The new code took effect Oct. 18.

"I am in disbelief that this dress code was approved," parent and Ridgewood alumna Marissa White wrote in an email to superintendent Kurt Browning. "From what I have heard, parents and students have not and do not support it, but because the administration pushed so hard regardless, here we are."

Board member Alison Crumbley, who represents the Ridgewood area, said Wednesday that she had received complaints that the rules were not being applied equally to all students, among other concerns. Initially uncomfortable with the proposal, Crumbley said she had backed the plan only after getting assurances that it had parent and student buy-in.

"They're bringing the protest to the School Board," Crumbley said, indicating she had new questions that need clear answers.

Parent Rodney Polansky is organizing that opposition. He suggested that teens wearing non-code blue T-shirts on campus won't generate as much action as having dozens of parents and students fill the board room demanding change.

"I feel these children need representation," said Polansky, who noted his son had been sent to in-school suspension three times for what he considered minor code violations.
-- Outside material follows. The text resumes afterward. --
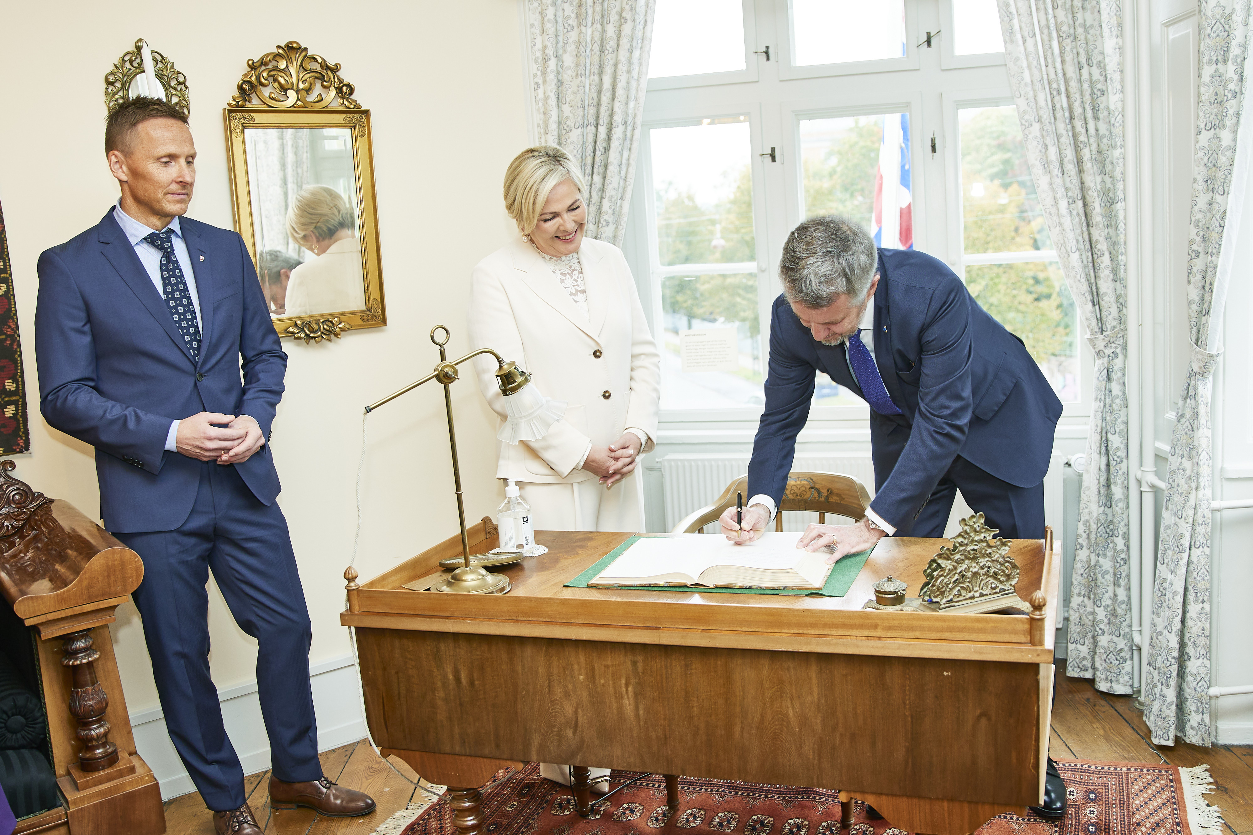 Forseti Alþingis, Birgir Ármannsson, tók á móti hinum opinberu gestum í Jónshúsi ásamt Rögnu Árnadóttur, skrifstofustjóra Alþingis, Auði Elvu Jónsdóttur, formanni stjórnar Húss Jóns Sigurðssonar, og Höllu Benediktsdóttur, forstöðumanni hússins. Auk opinberra sendinefnda var forseta danska þingsins, Søren Gade, boðið í Jónshús af þessu tilefni.

His son was not, however, sent to the office when he wore a dress to school along with about 15 other boys, Polansky said. If the issue was to end distractions, as school officials told the board, Polansky wondered why boys' socks with Nike logos got more attention than boys in sparkly dresses.

Such inconsistencies, plus the threat of possible arrest for the protest, prompted a six-page letter to school and district leaders from Jennifer Morley, president of the ACLU Greater Tampa Bay. It warned them to tread lightly.

Students have well-established rights that don't end at the schoolhouse door, Morley advised. And a civil rights lawsuit can become an "expensive and often unnecessary means" for resolving disputes over the extent of a school's disciplinary powers, she added.

Morley said the planned in-school protest looked to be a "brilliant tactical move."

"It seems that students mean to prove their point by maneuvering the administration into a predicament wherein it must either: (1) disrupt its own activities by disciplining an impracticable number of students simultaneously (hence proving the students' point that enforcement of the policy is more disruptive to their educations than having a less-restrictive policy would be); or (2) declining to punish the students who violate the modified dress code, thereby implicitly conceding the students' point that enforcing the policy is more disruptive than disregarding it," she wrote.

Some parents have suggested they might picket outside the school before heading to the board meeting. Cobbe said district officials would hope for the best while preparing for the worst-case scenario.